В сенцах он шумно, по-хозяйски постучал ведрами, нарочито громко сдвинул крышку с квасной дежки, зачерпнул корцом квасу и пил его долго, всласть, отдуваясь и покряхтывая.
Утро только-только занималось, можно было бы снова завалиться на боковую и часика два помять перину, но Архип Палыч чувствовал себя вполне отдохнувшим, готовым встретить во всю силу рождающийся день.
Вчера поздно, уже по темени, мужики вернулись из тайги с дальних покосов. Плыли Авлакан-рекой четырьмя шитиками, пели горласто и складно старые свои песни, заглушая трескучую нуду моторов.
Далеко обгоняла их песня, раскалывая тишину тайги, мчалась в понизовье, петляя меж крутых берегов, и затихала у синего плеса, в который опрокинулись избы села Данилова. И как ни тиха была тут песня, но услышали ее на селе. Посыпались горохом на косу ребятишки. Старухи выползли на яр, старики, хозяйки заспешили к баням.
— Наши едут!
Загорячился воздух синеньким дымком бань, заполыхали в окнах горячие чёла русских печей.
— Наши едут!
— Малаха, у тебя не сыщется ли лишняя!
— Сышшытся, заходи, девка. На кислице она у меня — крепкая!
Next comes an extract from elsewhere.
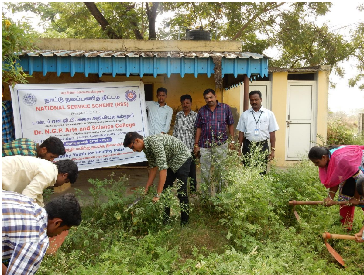
School and Temple Campus Cleaning - SWACHH BHARAT event conducted on 8.2.2019 at Veeriyampalayam, Karupparayampalayam, Kaikolampalayam
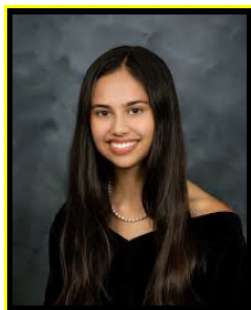
PHOTO REQUIREMENTS (see examples below): Senior year is a special one, and your senior headshot should reflect the best version of you! Please see sample images below for an appropriate look for your special senior photo. Whether you choose to take your photo in-studio or here on Friday, December 1st, make sure you are dressed to impress! Our school dress code policy applies to photos, too. After your picture is taken, make sure you select it through Prestige by the deadline of 12/13/23. Photos NOT selected through Prestige by this deadline will not be included in the 2024 Yearbook.

To be clear, only special senior photos taken with Prestige will be published. Again, for your convenience, their photographers will be at our school on Friday, December 1st to take headshots. Once your photo is selected for the yearbook by, Prestige will ensure it gets delivered to the yearbook staff.

— Авдотьевна, ты чо не стряпашься? Или твой сытее наших?
— Заранее состряпалась. В печи томлено все, горяченько.
— Гля, девка, будет тебе горяченько.
— Наши едут!
Едут с дальних покосов мужики. Вовремя, в самый аккурат сладились с делом.
Архип Палыч на порог. И вот тебе радость. От сына, от инженера-скворца Гохи, телеграмма — поздравляет с внуком. Еще один Заплотин корня сибирского, крепкого на свет обрядился. Всем на удивление Архипом назвали. Во чудо, в двадцатом нашем веке. Архип, и точка, заедай тебя комар.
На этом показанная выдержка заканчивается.